EXERCISE DESCRIPTION>
If an entry holds a picture, drop the picture and restate the rest word for word.

INPUT MATERIAL>
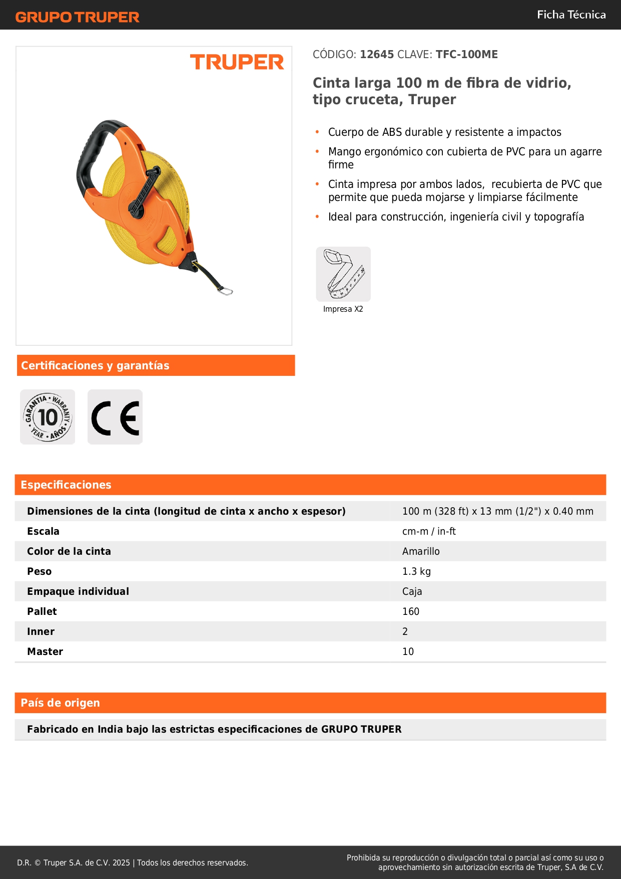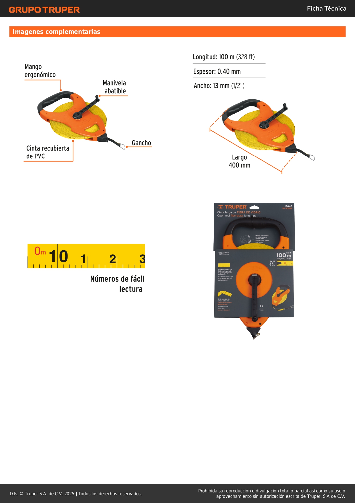 Wincha de fibra de vidrio de 100 m tipo cruceta Truper
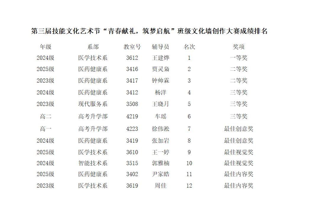 最终,经过专业的评审和严格的核算,2024级医学技术系王建烨班级斩获“一等奖”;2025级医药健康系贾灵枭班级、2023级医药健康系钟帅霖班级荣获“二等奖”;2023级医药健康系杨洋班级、2023级现代服务系王晓月班级、高考升学部高二车瑶班级荣获“三等奖”。
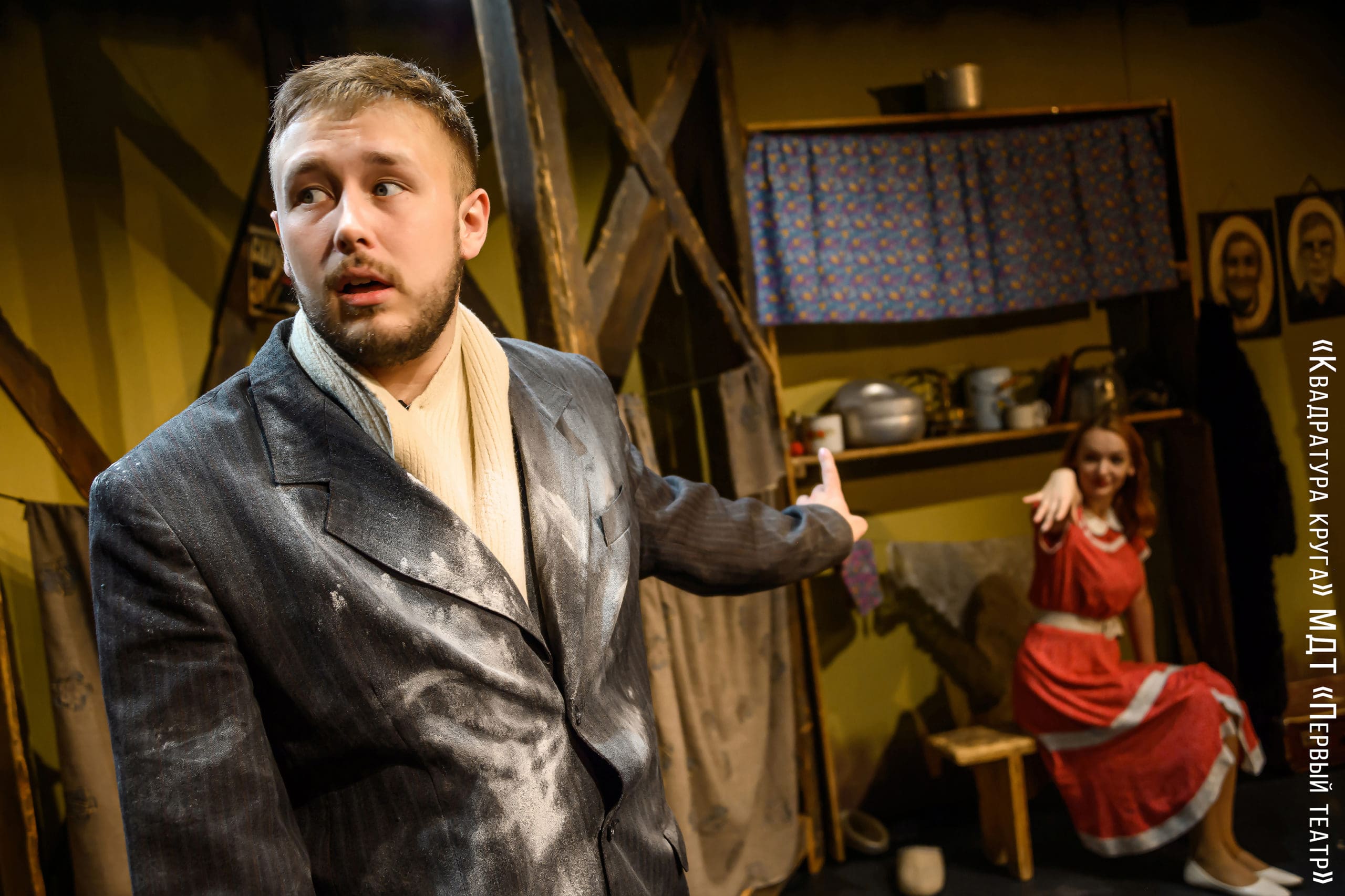 Актеры обживают пространство, превращая зрителей в любопытных соседей, наблюдающих за жизнью шумной молодежи через щели в картонной перегородке между комнатами. Так и получается: одни гости постоянно заходят в дверь и устраивают шумные построения с песнями, а другие – сидят в зале и, кажется, тоже могут в любой момент присоединиться.
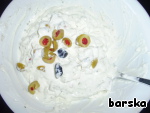 Смешать творог и сметану, выдавить чеснок через чеснокодавилку. Мелко нарезать лук и добавить в дип. Добавить нарезанные оливки, начинённые паприкой и маслины. Добавить прованские травы, соль и перец.
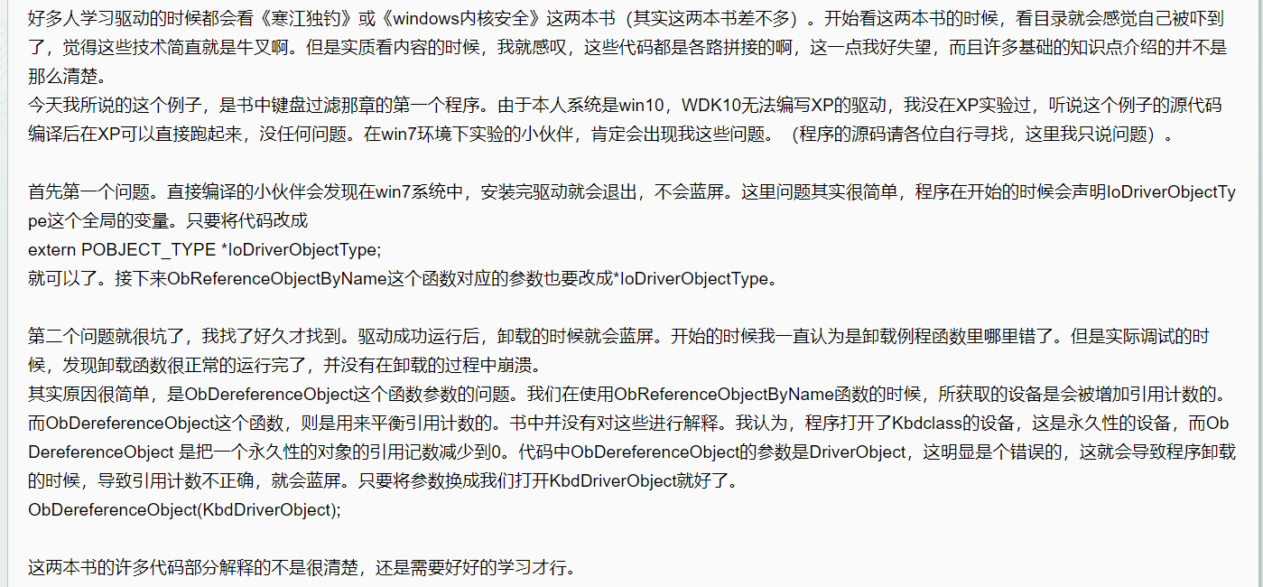 国内有关于windows内核驱动这块的书籍实在是甚少,不过好在《windows内核安全与驱动开发》这本书还算不错(内容方面),但是不得不说这本书在许多地方存在着一些细节上的问题。比如我今天要谈的这个话题。
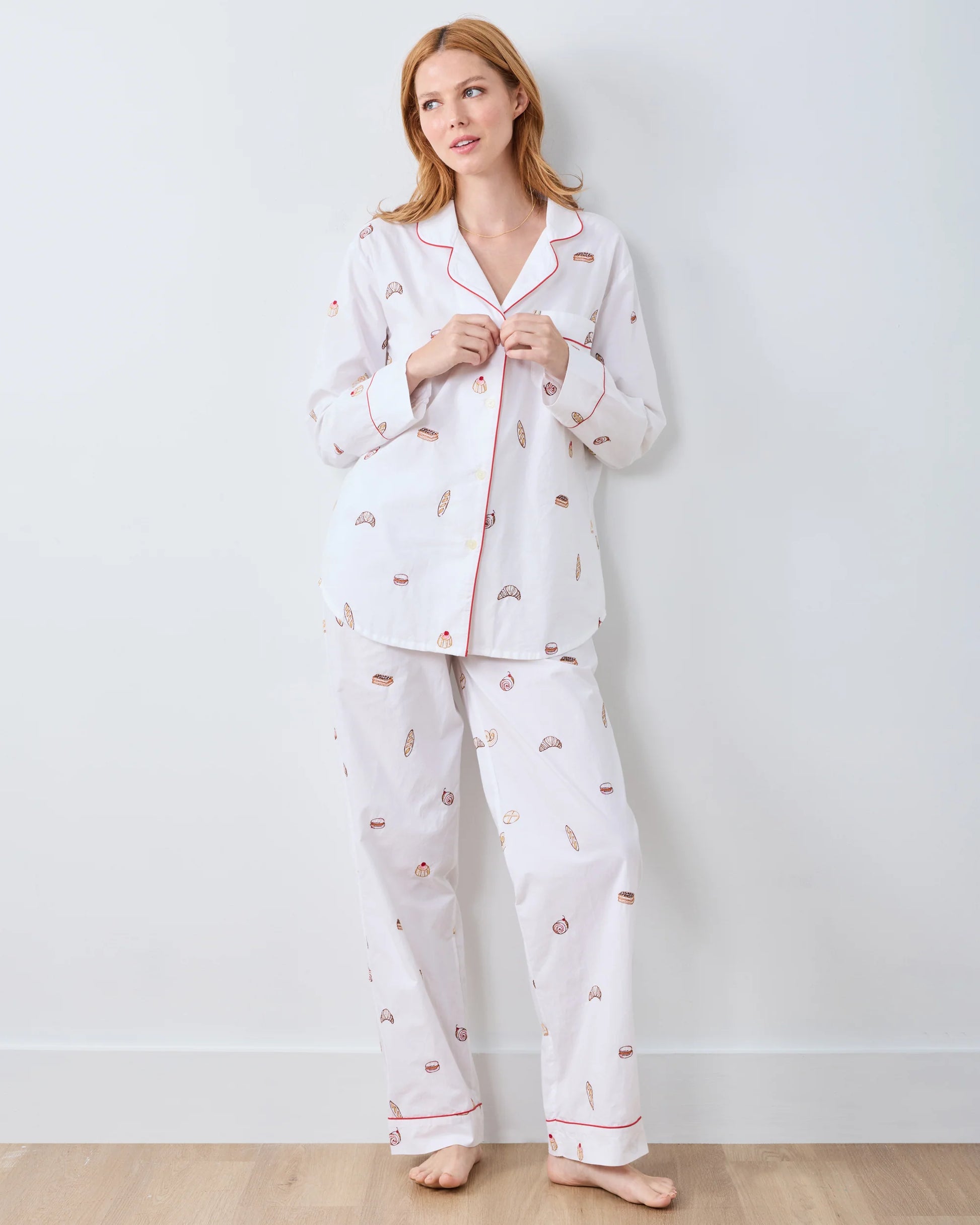 Make bedtime sweeter in our Freshly Baked embroidered cotton pajamas. These bakery-print pajamas feature assorted French pastries on soft organic cotton poplin. The long-sleeve pajama set includes a roomy button-down and comfortable mid-rise pants, creating an effortlessly chic silhouette. Embroidered pajamas for the baker in your life. Please note, this style does not include pockets.

EXERCISE RESULT>
 Wincha de fibra de vidrio de 100 m tipo cruceta Truper
 最终,经过专业的评审和严格的核算,2024级医学技术系王建烨班级斩获“一等奖”;2025级医药健康系贾灵枭班级、2023级医药健康系钟帅霖班级荣获“二等奖”;2023级医药健康系杨洋班级、2023级现代服务系王晓月班级、高考升学部高二车瑶班级荣获“三等奖”。
 Актеры обживают пространство, превращая зрителей в любопытных соседей, наблюдающих за жизнью шумной молодежи через щели в картонной перегородке между комнатами. Так и получается: одни гости постоянно заходят в дверь и устраивают шумные построения с песнями, а другие – сидят в зале и, кажется, тоже могут в любой момент присоединиться.
 Смешать творог и сметану, выдавить чеснок через чеснокодавилку. Мелко нарезать лук и добавить в дип. Добавить нарезанные оливки, начинённые паприкой и маслины. Добавить прованские травы, соль и перец.
 国内有关于windows内核驱动这块的书籍实在是甚少,不过好在《windows内核安全与驱动开发》这本书还算不错(内容方面),但是不得不说这本书在许多地方存在着一些细节上的问题。比如我今天要谈的这个话题。
 Make bedtime sweeter in our Freshly Baked embroidered cotton pajamas. These bakery-print pajamas feature assorted French pastries on soft organic cotton poplin. The long-sleeve pajama set includes a roomy button-down and comfortable mid-rise pants, creating an effortlessly chic silhouette. Embroidered pajamas for the baker in your life. Please note, this style does not include pockets.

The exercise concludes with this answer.